Even though we have been born again of God’s spirit, we often sin in the flesh when we miss the mark of the high calling of God in Christ Jesus. However, we remain righteous in God’s sight. For he who knew no sin was made the perfect sacrifice for sin on our behalf that we may be made the righteousness of God in him.
After salvation, If we walk in the light as he is in the light we have fellowship one with another another and the blood of Christ cleanses us from all sin. If we sin by breaking fellowship, if we confess our sins, he is faithful and just to forgive our sins and cleanse us from all unrighteousness.
Before we can encourage others, we need to encourage our own hearts in the Lord. This is the purpose of prayer in Philippians 4 beginning in verse 4.:
Therefore, rejoice in the Lord always, and again I say rejoice. Let your moderation, (your loving mercy and grace,) be known unto all men. The Lord is at hand.
Be careful (anxious) for nothing; but in every thing by prayer and supplication with thanksgiving let your requests be made known unto God.

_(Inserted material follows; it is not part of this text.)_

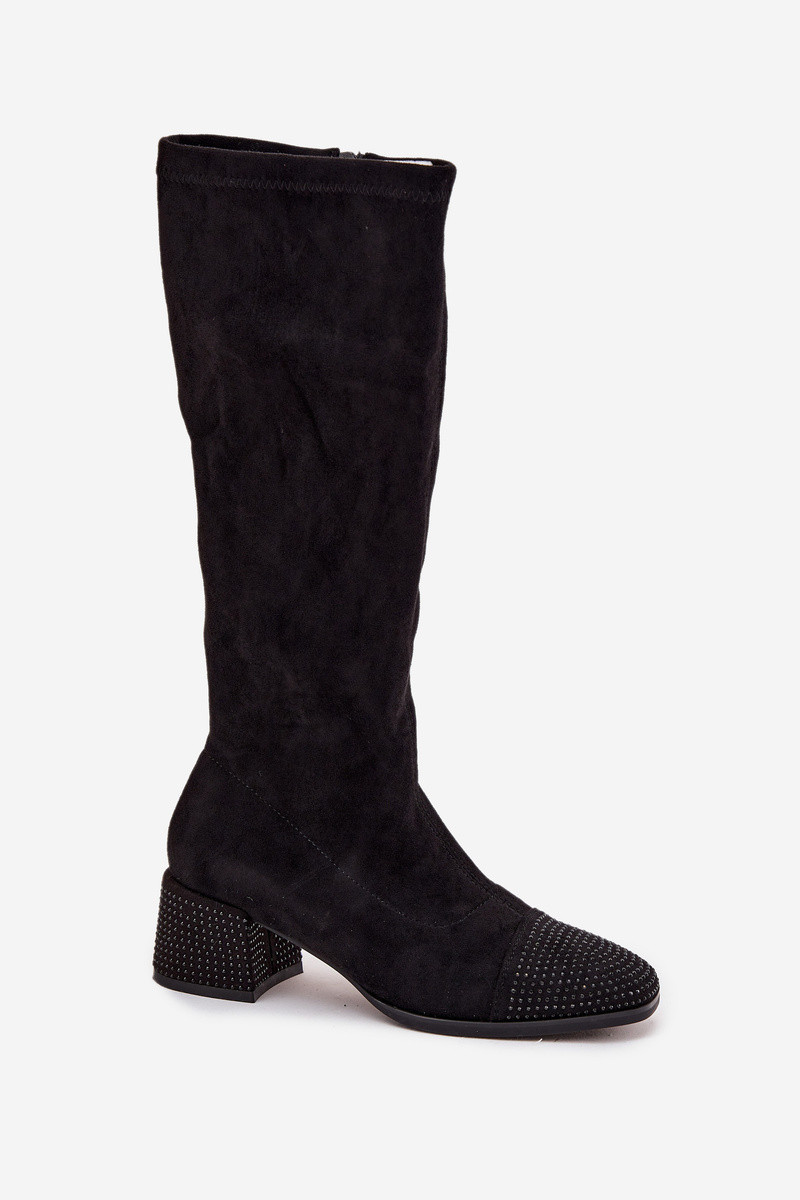 Dámské kozačky s ozdobou na kostku ekokůže Černé Ivanna

And the peace of God, which passeth all understanding, shall keep your hearts and minds through Christ Jesus.
Finally, brethren, whatsoever things are true, whatsoever things are honest, whatsoever things are just, whatsoever things are pure, whatsoever things are lovely, whatsoever things are of good report; if there be any virtue, and if there be any praise, think on these things.”
Aaron’s benediction in Numbers 6:24-26 is a blessing of encouragement:
“The LORD bless thee, and keep thee:
The LORD make his face shine upon thee, and be gracious unto thee:
The LORD lift up his countenance upon thee, and give thee peace.”
…that we may encourage one another in the Lord,
and that together we may live to the praise of the glory of His grace!